Since MrBayes is calculating ASDSF from trees that are not all logged I don't think there is a way to calculate ASDSF that is equivalent. So how to we proceed? I can think of a few options (in ascending order of effort required):
load.trees
function. These log files include the MrBayes calculation of ASDSF (the last column of any .mcmc file_ that uses unlogged trees.Hey @geneva,
I'm a bit confused here. A priori I wouldn't expect sliding window plots of ASDSF to look like the MrBayes plots. From memory, MrBayes calculates ASDSF from the last 75% of trees in the chain (roughly assuming that the first 25% is always burnin). So, we'd expect to see something similar in a cumulative ASDSF plot (after removing burnin), but not identical.
More broadly, I kind of agree that sliding window ASDSF is not very meaningful. I think your understanding of the problem looks right, and for that reason I'd vote to ditch the sliding window ASDSF plots.
I had always thought MrBayes was calculating ASDSF in a sliding windows and without discarding any trees as burnin. The fact that MB is using cumulative frequencies with some fixed percent of generations discarded as burnin explains the wide discrepancy between the sliding widow plots and MB output.

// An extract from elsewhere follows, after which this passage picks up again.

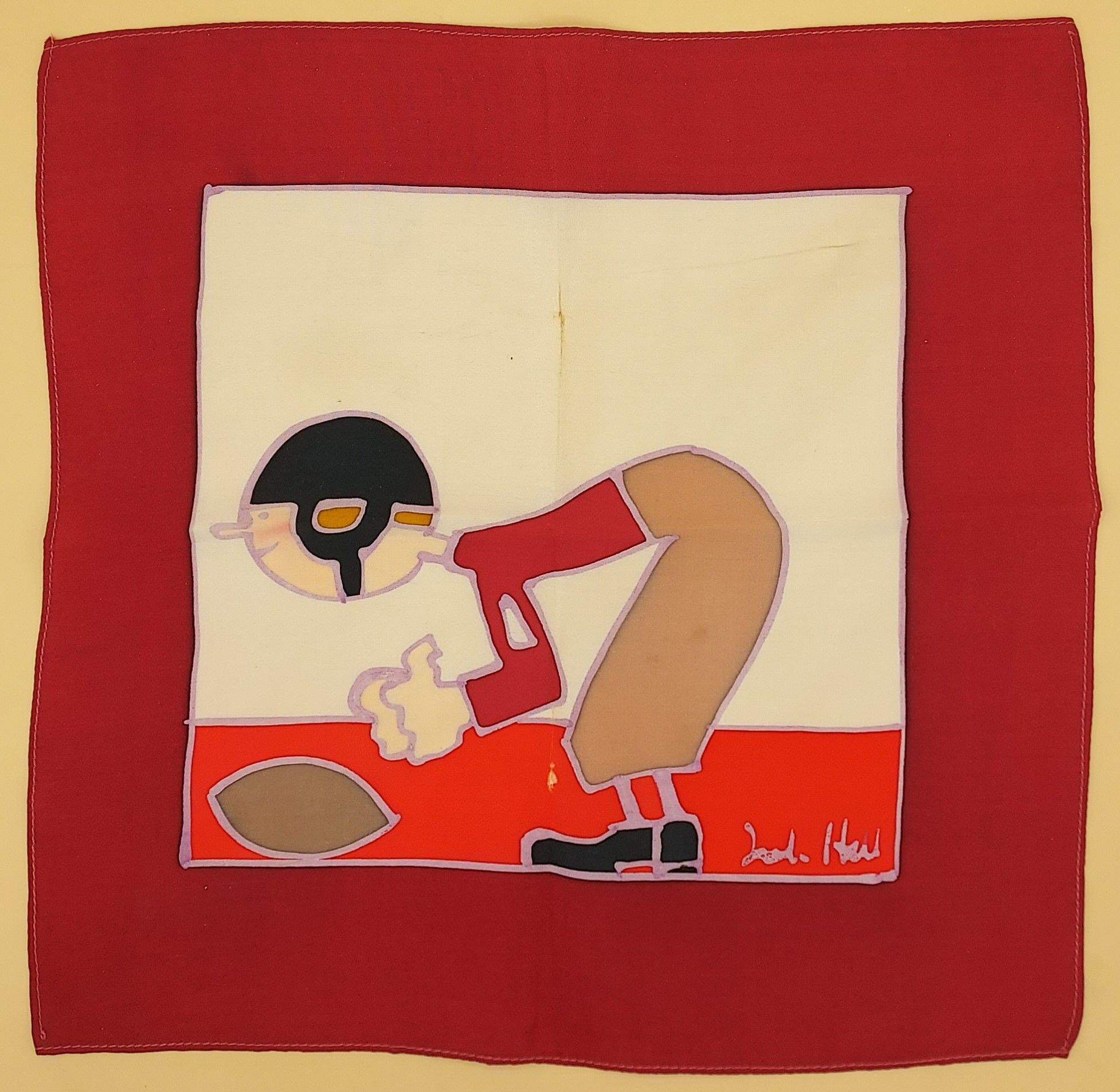 Very Good. Silk scarf measuring 12" x 12". Two fold lines (one horizontal, one vertical) through the center. 1" split in the cloth to the surface. A sporty design by John Held Jr.

I am in agreement, lets discard the sliding window ASDSF plots. I will convert makeplot.asdsf to cumulative plot and we can see if that adds information/clarity relative to the already implemented variance plots.
I (sadly, literally) woke up in the night last night and realised that there is a big difference between the plots I implemented, and the ASDSF plots. The plots I implemented are about a single chain. ASDSF are comparisons of >1 chain. So, for that reason we should keep both. However, if it's clearer we could always make the plots I made into line plots of e.g. the median or mean variance at each point.
I assume (though I haven't checked) that one can do the calculations for ASDSF across any number of chains. Is that what you've got working @geneva?
Another option might be to have a second compare.n plot with pairwise ASDSF plots, this might be useful for spotting cases where a single chain explores different bits of treespace from the rest.
Aha! That makes perfect sense then. Rob, I actually prefer the way you're making the variance plots. If it's not too much trouble, I think it would actually be nicer to do the ASDSF multi-chain plots the same way.
@roblanf sorry, I missed your comment yesterday. To answer your question, yes, the sliding window function makeplot.asdsf
on the develop branch that I used to generate the sliding ASDSF examples above calculates ASDSF on any number of chains (with a minimum of two). I am still futzing with turning that into a cumulative plot, the hold-up is avoiding the need to repeatedly calculate split frequencies, which slows everything way down – maybe when split frequencies are calculated using faster code this will no longer be an issue.
@danlwarren - just so I understand, you are saying you'd like to see the ASDSF plot aesthetically match the variance plots? If so, no problem. The rough version I am working on creates plots like those in my 2nd comment above.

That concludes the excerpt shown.